Sehr scharf kritisiert Erik Wemple in der Washington Post den Rolling Stone, der nach einem Skandal um eine erlogene "Gang Rape"-Story an einer Uni keine personellen Konsequenzen zieht. Die Geschichte des Rolling Stone wurde schon seit längerem in Zweifel gezogen, die NZZ berichtete. Nun veröffentlicht der Rolling Stone selbst einen Bericht von Studenten der Columbia Journalism School, der den Skandal bis ins Detail aufarbeitet und der nochmals für starke Diskussionen in amerikanischen Medien sorgt: die Reporterin Sabrina Erdely hatte nur dem vermeintlichen Opfer geglaubt und weder Täter noch Zeugen gesucht, der verantwortliche Redakteur Sean Woods billigte diese Methode, mit der angeblich das Opfer geschützt werden sollte. Wemple schreibt: "Die Autorin war so korrupt, ihren Redakteur mit Fake-Journalismus plattzuwalzen, der Redakteur war zu schwach, um Widerstand zu leisten. Und doch behält Woods seinen Job, und Erdely wird weiter für das Blatt schreiben." Nun muss der Rolling Stone mit einer Klage der Studentenverbindung rechnen, in deren Räumen der Gang Rape laut der Story angeblich stattfand, meldet CNN. Auch der New Yorker berichtet ausführlich über den Skandal.

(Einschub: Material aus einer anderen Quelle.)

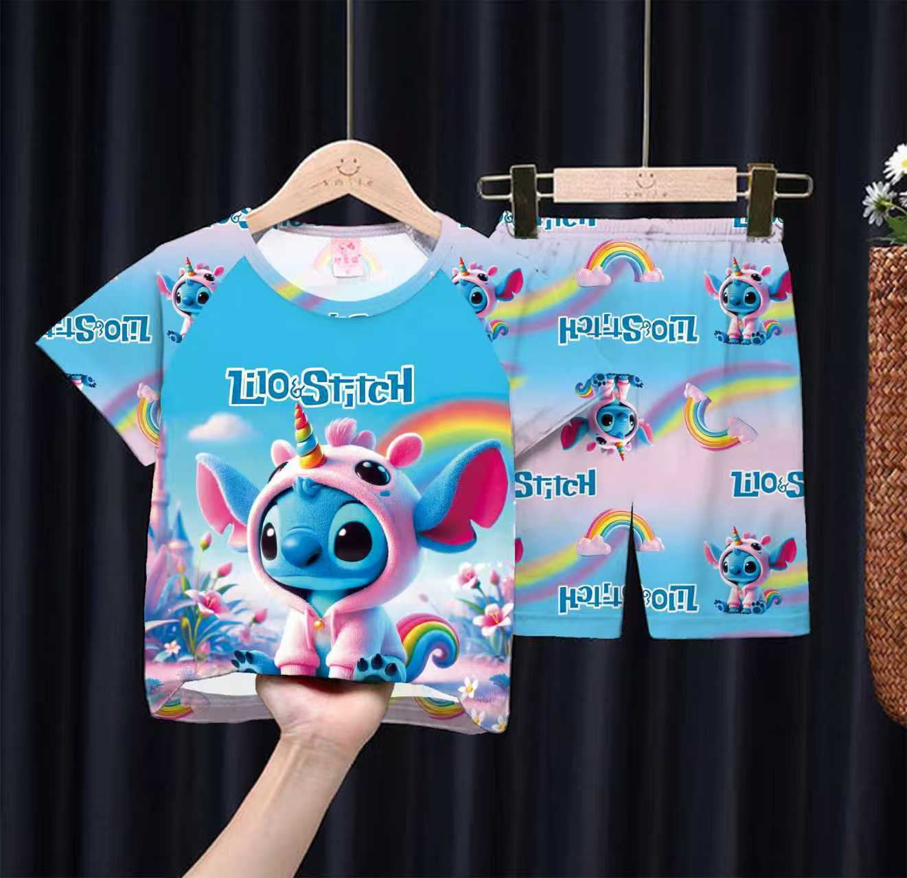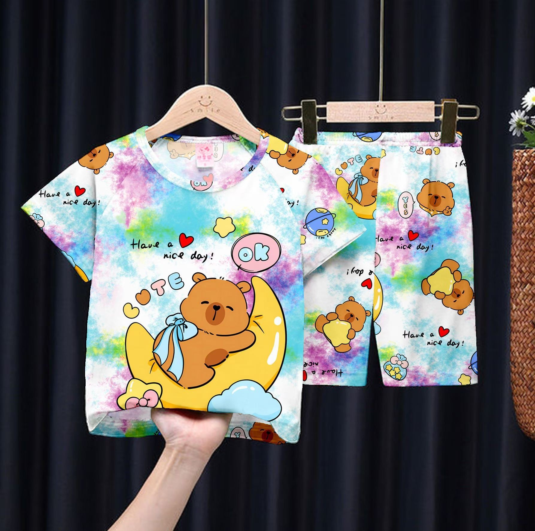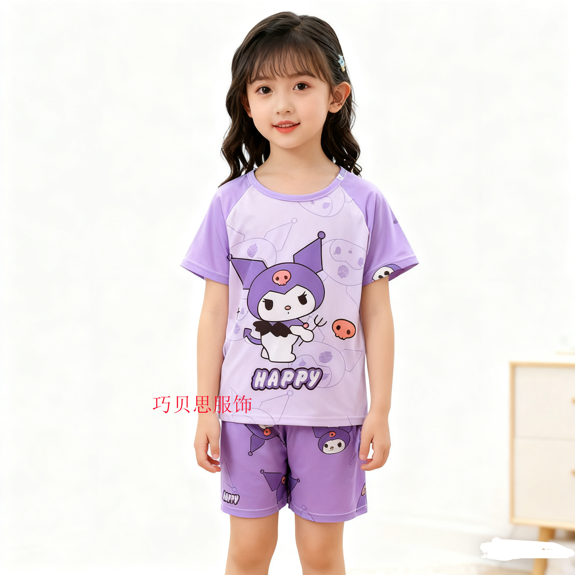 여름 어린이 잠옷 만화 캐릭터 여자아이 반팔 반바지 얇은 소재 남자아이 중대형 아동 캐주얼 세트 홈웨어 도매

Cathrin Kahlweit trifft in Wien für die SZ den Jurastudenten Max Schrems, der bei Facebook mal nachgefragt hatte, welchen Daten über ihn gespeichert seien: "1200 Seiten kamen zurück, inklusive bereits gelöschter Daten und Megadaten, die der Konzern ohne sein aktives Zutun von ihm gesammelt haben muss. Danach hat er insgesamt 22 Klagen nach Irland geschickt."